Centers for Disease Control and Prevention also stated that after age >55 years old, the chance of experiencing stroke will double every ten years [5]. One of the clinical conditions that is at risk of increasing the incidence of stroke in the elderly is hypertension. Hypertension usually has a strong relation with structural and mechanical changes in the walls of blood vessels. Structural and mechanical changes in blood vessels due to the aging process, especially arterial blood vessels, cause a decreased elasticity of blood vessels. This condition can increase systolic and diastolic blood pressure. Because of this mechanism, the elasticity of blood vessels is used as a predictor of cardiovascular disease and stroke [6,7].
Traveling by air transportation, such as airplanes and helicopters, also can increase the risk of stroke [8-10]. Mendes et al. [11] (2023) reported a 60-year-old man who experienced recurrent stroke when traveling by commercial flight. It was known after that the passenger didn’t have a fit-to-fly certificate due to a new onset of transient ischemic attack (TIA), seven hours before the flight. A new onset of TIA attack showed a worsening of neurological deficit. This condition led to an emergency landing at the nearest airport. The recurrence of stroke in this case can be caused by various factors related to environmental changes during in-flight. Additionally, in this case, the passengers also broke the recommendation from the International Air Transport Association (IATA). Based on IATA, TIA patients should only fly within two days after the onset of TIA, with an assessment from a doctor [12]. IATA also recommended that someone who has experienced a stroke is deemed fit to fly, and should be accompanied by a nurse if there is an improvement in symptoms within 5–14 days after the stroke diagnosis is established. Accompaniment by a nurse may not be necessary if the recovery process doesn’t result in complications. It is emphasized that stroke patients flying within two weeks after a stroke attack must use oxygen supplementary during the trip [12]. The risk of recurrence of stroke within 30 days after the first ischemic stroke attack is 3% to 10% [13].
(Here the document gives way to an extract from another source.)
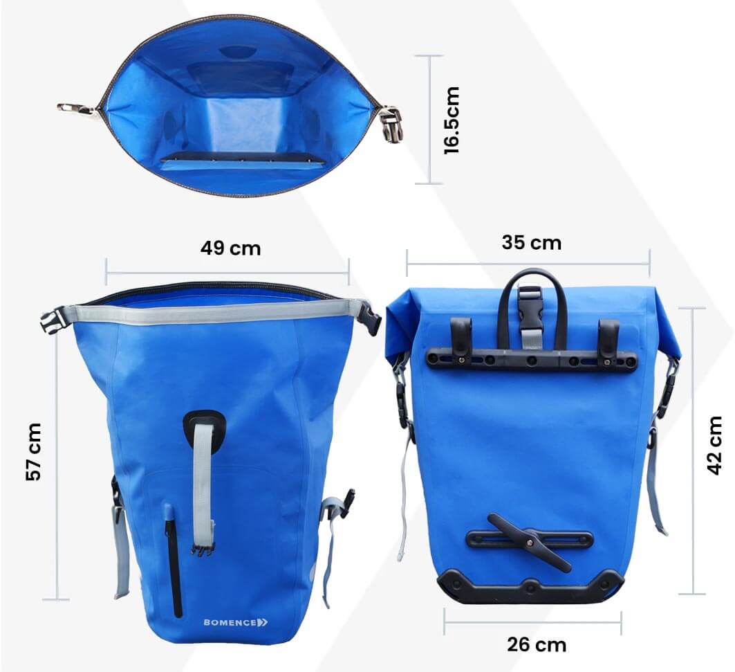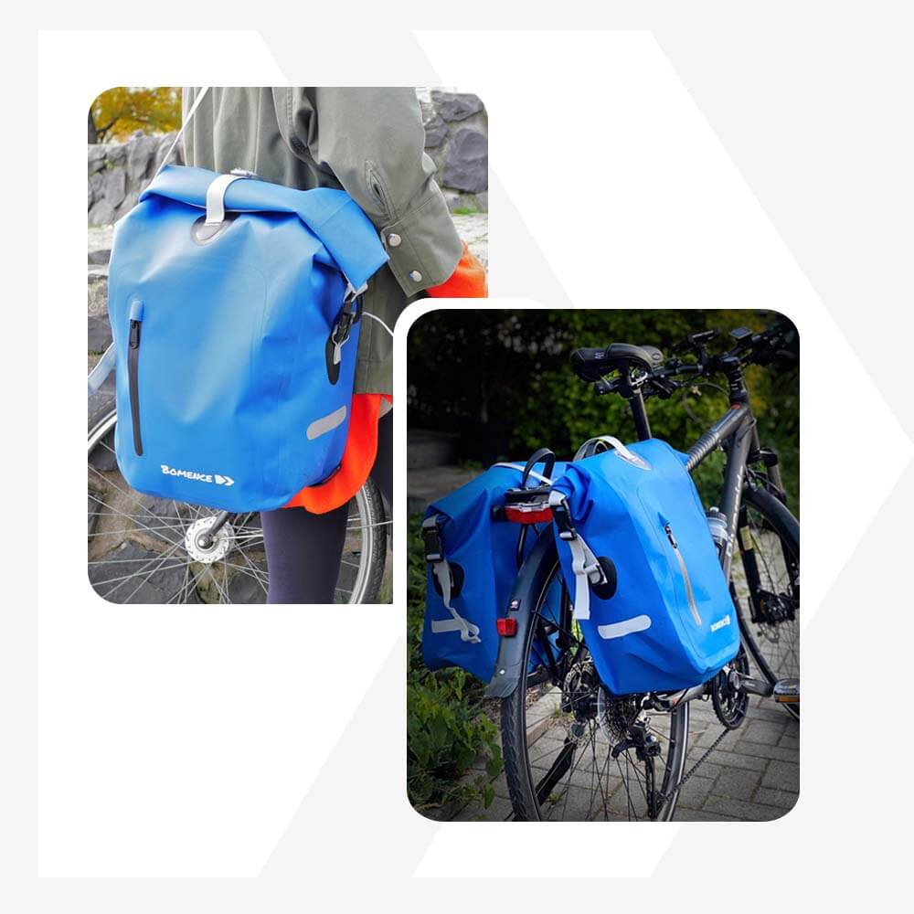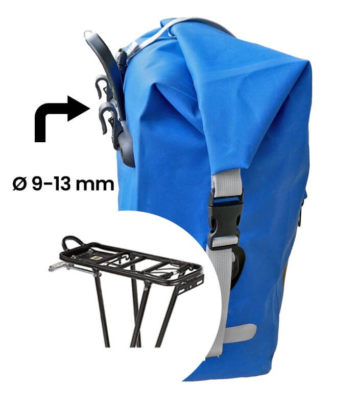 The distance between the bike attachments is horizontally adjustable. The waterproof bike bag can cover a total of luggage rack tubes up to 13mm .

One of the physiological changes during flight related to the risk of ischemic stroke is hypobaric hypoxia [13-15]. The occurrence of hypoxia hypobaric due to changes in high altitude can lead to a reduction in oxygen-rich blood flow to the brain which causes damage up to permanent cell death in the brain.
In addition to hypobaric hypoxia, changes in high altitude also induce changes in G-force [13,16]. G-force is the gravitational force for every acceleration or deceleration that induces an adaption to the changes of this G-force. Normally, G-force on the earth’s surface is 1 G. Three types of G-force to describe the direction and pressure of acceleration are Gz, Gx, and Gy. Gz is a G-force axis that moves vertically upwards (+Gz) from feet to head and vertically downwards (–Gz) from head to feet. Gx consisted of two types, +Gx and –Gx. +Gx is a G-force axis that moves forward (transversal and supine), and –Gx moves backward (transversal and prone). Gy also consisted of two types, +Gy move to the right and –Gy move to the left [13,16,17].
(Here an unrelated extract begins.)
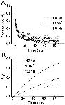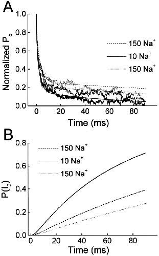 Figure 7. Probability of a channel being in the open (A) or the slow-inactivated state (B) during a depolarization. (A) Ensemble average of bursts in 10 and 150 mM external Na+. The lines represent the open probability during a burst calculated from the two-channel patch of Fig. 5. The estimated rate constants for this patch, using the model in Fig. 6, were (150 mM Na+, first exposure): k01 = 804 ± 18 s−1, k10 = 1,915 ± 85 s−1, k12 = 1,247 ± 89 s−1, k21 = 154 ± 10 s−1, k23 = 8.06 ± 1.53 s−1; (10 mM Na+): k01 = 1,357 ± 33 s−1, k10 = 1,865 ± 80 s−1, k12 = 739 ± 63 s−1, k21 = 102 ± 10 s−1, k23 = 19.2 ± 2.6 s−1; (150 mM Na+): k01 = 860 ± 15 s−1, k10 = 2,361 ± 67 s−1, k12 = 933 ± 46 s−1, k21 = 131 ± 8 s−1, k23 = 5.65 ± 2.08 s−1. The 4-state model predicts three time constants for the decay of burst open probability. These time constants were determined from the estimated rate constants by spectral expansion, and for this patch were (150 mM Na+): 0.27, 2.62, and 177.0 ms; (10 mM Na+): 0.27, 2.74, and 70.1 ms; and (150 mM Na+, first exposure): 0.25, 3.23, and 272.8 ms. (B) Probability for a channel to be in the absorbing inactivated state I3 (P(I)3) during a 90-ms pulse to +60 mV. P(I)3 was calculated from the above rate constants for the two-channel patch.

When the commercial aircraft is ready to take off, it will pitch upwards or nose-up at an angle of 50 degrees from the ground surface and experience Gz ranging from 1.5 G to 1.8 G. The G-force that occurs during take-off is +Gx. After reaching a certain altitude, the commercial aircraft will fly horizontally with a small angle and experience a Gz on 0 G. Meanwhile, during the landing process, commercial aircraft will pitch downward with an angle of 50 degrees and experience Gz ranging from 1.5–1.8 G. G-force that occurs during landing is –Gx [18,19].
The changes of G-force during the take-off and landing process, especially –Gz, will reduce the blow flow following the gravitational force resulting in the accumulation of blood in the legs. This condition can pose a risk of clot formation that may detach and enter the bloodstream. The entry of clot formation to the bloodstream can result in impairment of blood flow. If the clot manages to block the blood flow in the brain, it can lead to ischemic stroke [15].
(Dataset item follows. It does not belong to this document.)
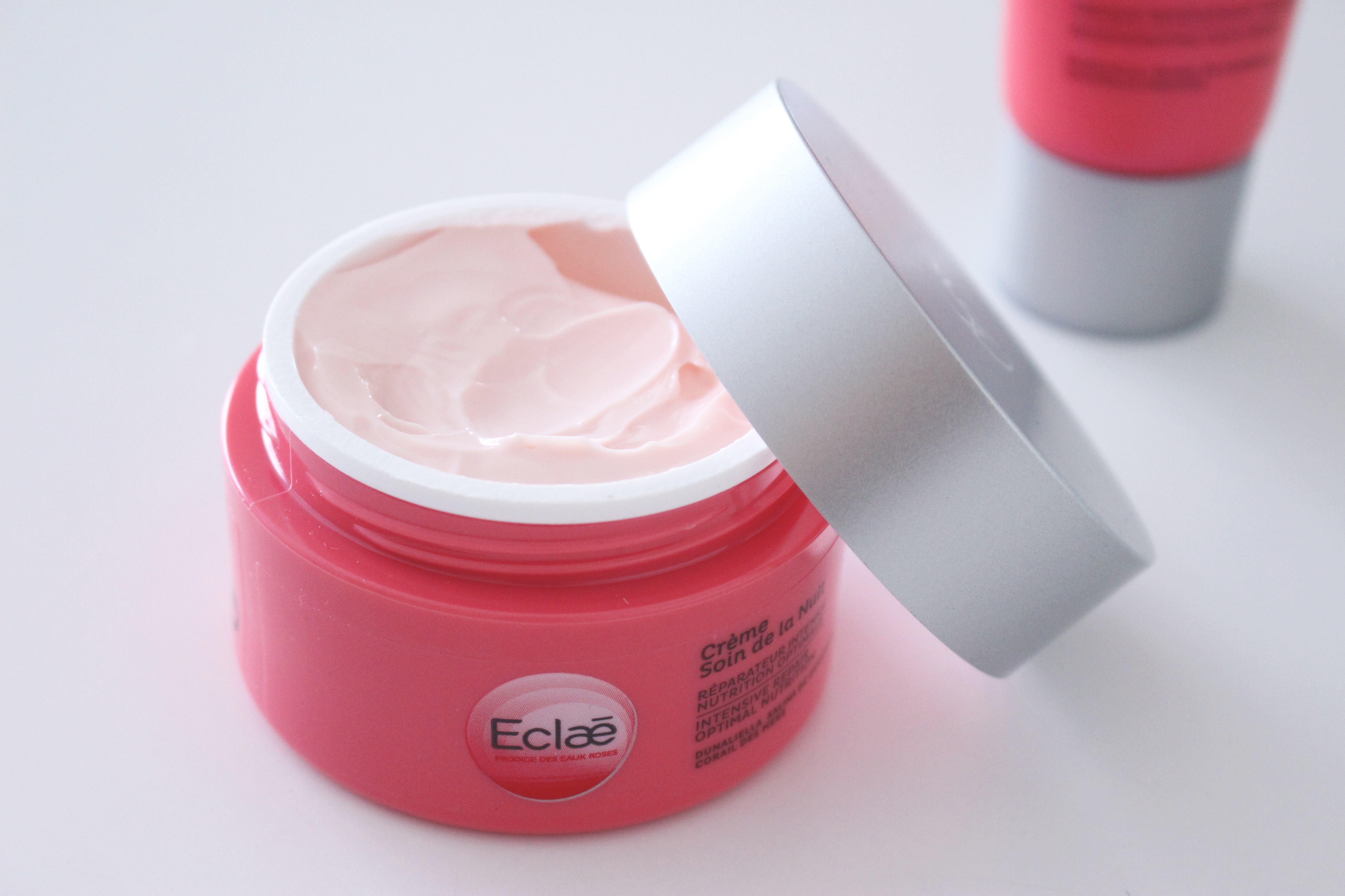 Enfin une crème de nuit qui me plais vraiment! J’avoue et je pense que c’est pour ça que j’ai tant aimé cette crème, j’utilisais avant celle ci, une crème qui me plaisais pas vraiment, elle était pourtant de bonne qualité et coutait un bras, elle faisait bien son taffe, mais j’avais beaucoup de mal avec l’odeur, la texture et même la couleur, mais j’ai tenu bon et je l’ai tout de même utilisait pendant prés de 3 mois. Alors quand j’ai ouvert le pot Eclaé et croyez moi, j’ai pas attendu longtemps avant de craquer, j’ai dit adieu à cette dernière qui me servait, pour continuer avec cette nouvelle au pot tout rose. J’arrivais à la fin l’hésitation n’a donc pas été longue.

Based on this description, it is controversial whether a person with a history of ischemic stroke who has been declared fit to fly still has a risk of recurrent stroke during in-flight or not. The purpose of this study is to determine the possibility of clinical condition deterioration and/or a new onset of recurrent stroke in commercial flight passengers with history of ischemic stroke related to hypoxia hypobaric during in-flight or post-flight.
Ⅱ. CASE REPORT
1. Clinical Scenario
A 63-year-old man traveling by air transportation accompanied by his family using a commercial flight (travel time 4 hours 20 minutes) complained of severe headaches (visual analogue scale [VAS] 7/10) and suddenly awoke from sleep accompanied by worsening weakness in the left side of the limbs approximately 20 minutes before the plane landed at the local airport.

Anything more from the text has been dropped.